------ RECORDED INFORMATION ------

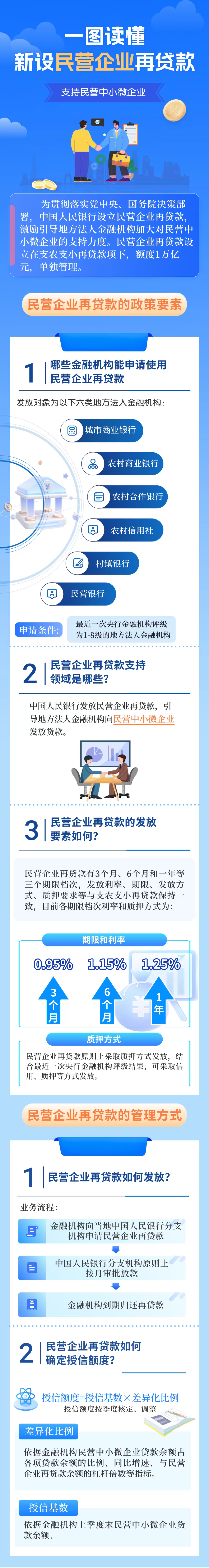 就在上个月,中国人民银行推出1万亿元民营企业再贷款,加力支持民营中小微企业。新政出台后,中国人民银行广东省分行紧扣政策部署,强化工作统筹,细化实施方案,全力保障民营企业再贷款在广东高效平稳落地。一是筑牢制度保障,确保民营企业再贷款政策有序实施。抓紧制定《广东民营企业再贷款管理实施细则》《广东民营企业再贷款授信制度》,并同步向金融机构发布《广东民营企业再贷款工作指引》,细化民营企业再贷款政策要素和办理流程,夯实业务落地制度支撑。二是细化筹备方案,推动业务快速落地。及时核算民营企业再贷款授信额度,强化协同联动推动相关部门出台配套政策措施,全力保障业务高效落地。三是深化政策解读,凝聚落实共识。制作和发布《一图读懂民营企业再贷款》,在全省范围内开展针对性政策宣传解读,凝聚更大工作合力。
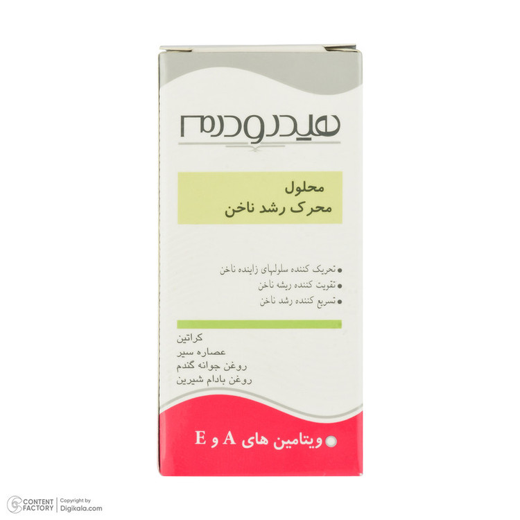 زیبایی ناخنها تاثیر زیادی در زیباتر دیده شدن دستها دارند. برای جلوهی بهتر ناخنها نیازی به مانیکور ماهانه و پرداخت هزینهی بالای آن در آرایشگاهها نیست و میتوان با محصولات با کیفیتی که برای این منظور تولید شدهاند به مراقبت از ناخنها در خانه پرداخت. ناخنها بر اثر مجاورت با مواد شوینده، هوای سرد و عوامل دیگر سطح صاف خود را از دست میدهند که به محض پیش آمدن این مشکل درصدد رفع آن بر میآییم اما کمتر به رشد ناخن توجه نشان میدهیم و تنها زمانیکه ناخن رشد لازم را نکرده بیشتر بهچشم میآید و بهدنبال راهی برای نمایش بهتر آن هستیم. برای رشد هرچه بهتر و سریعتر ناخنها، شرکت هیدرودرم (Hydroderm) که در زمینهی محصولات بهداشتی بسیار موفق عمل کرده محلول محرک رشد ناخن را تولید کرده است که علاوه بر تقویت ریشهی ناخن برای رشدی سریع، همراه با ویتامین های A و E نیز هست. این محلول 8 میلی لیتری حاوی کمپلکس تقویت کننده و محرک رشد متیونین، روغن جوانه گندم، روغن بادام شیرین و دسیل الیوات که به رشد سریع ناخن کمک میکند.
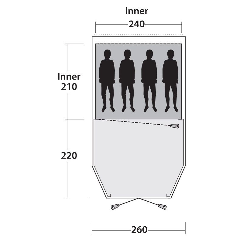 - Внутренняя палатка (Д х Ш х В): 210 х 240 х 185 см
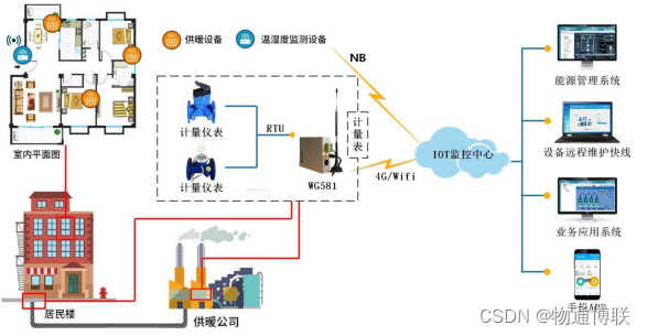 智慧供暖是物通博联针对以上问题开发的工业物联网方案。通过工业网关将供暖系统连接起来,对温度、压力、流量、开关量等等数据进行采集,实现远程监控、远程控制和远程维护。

------

= PROBLEM DESCRIPTION =
Print exactly the span of lines that begins with the line containing "زیبایی ناخنها تاثیر" and ends with the last line of the listing, with no pictures.

= OUTPUT FOR THIS TASK =
 زیبایی ناخنها تاثیر زیادی در زیباتر دیده شدن دستها دارند. برای جلوهی بهتر ناخنها نیازی به مانیکور ماهانه و پرداخت هزینهی بالای آن در آرایشگاهها نیست و میتوان با محصولات با کیفیتی که برای این منظور تولید شدهاند به مراقبت از ناخنها در خانه پرداخت. ناخنها بر اثر مجاورت با مواد شوینده، هوای سرد و عوامل دیگر سطح صاف خود را از دست میدهند که به محض پیش آمدن این مشکل درصدد رفع آن بر میآییم اما کمتر به رشد ناخن توجه نشان میدهیم و تنها زمانیکه ناخن رشد لازم را نکرده بیشتر بهچشم میآید و بهدنبال راهی برای نمایش بهتر آن هستیم. برای رشد هرچه بهتر و سریعتر ناخنها، شرکت هیدرودرم (Hydroderm) که در زمینهی محصولات بهداشتی بسیار موفق عمل کرده محلول محرک رشد ناخن را تولید کرده است که علاوه بر تقویت ریشهی ناخن برای رشدی سریع، همراه با ویتامین های A و E نیز هست. این محلول 8 میلی لیتری حاوی کمپلکس تقویت کننده و محرک رشد متیونین، روغن جوانه گندم، روغن بادام شیرین و دسیل الیوات که به رشد سریع ناخن کمک میکند.
 - Внутренняя палатка (Д х Ш х В): 210 х 240 х 185 см
 智慧供暖是物通博联针对以上问题开发的工业物联网方案。通过工业网关将供暖系统连接起来,对温度、压力、流量、开关量等等数据进行采集,实现远程监控、远程控制和远程维护。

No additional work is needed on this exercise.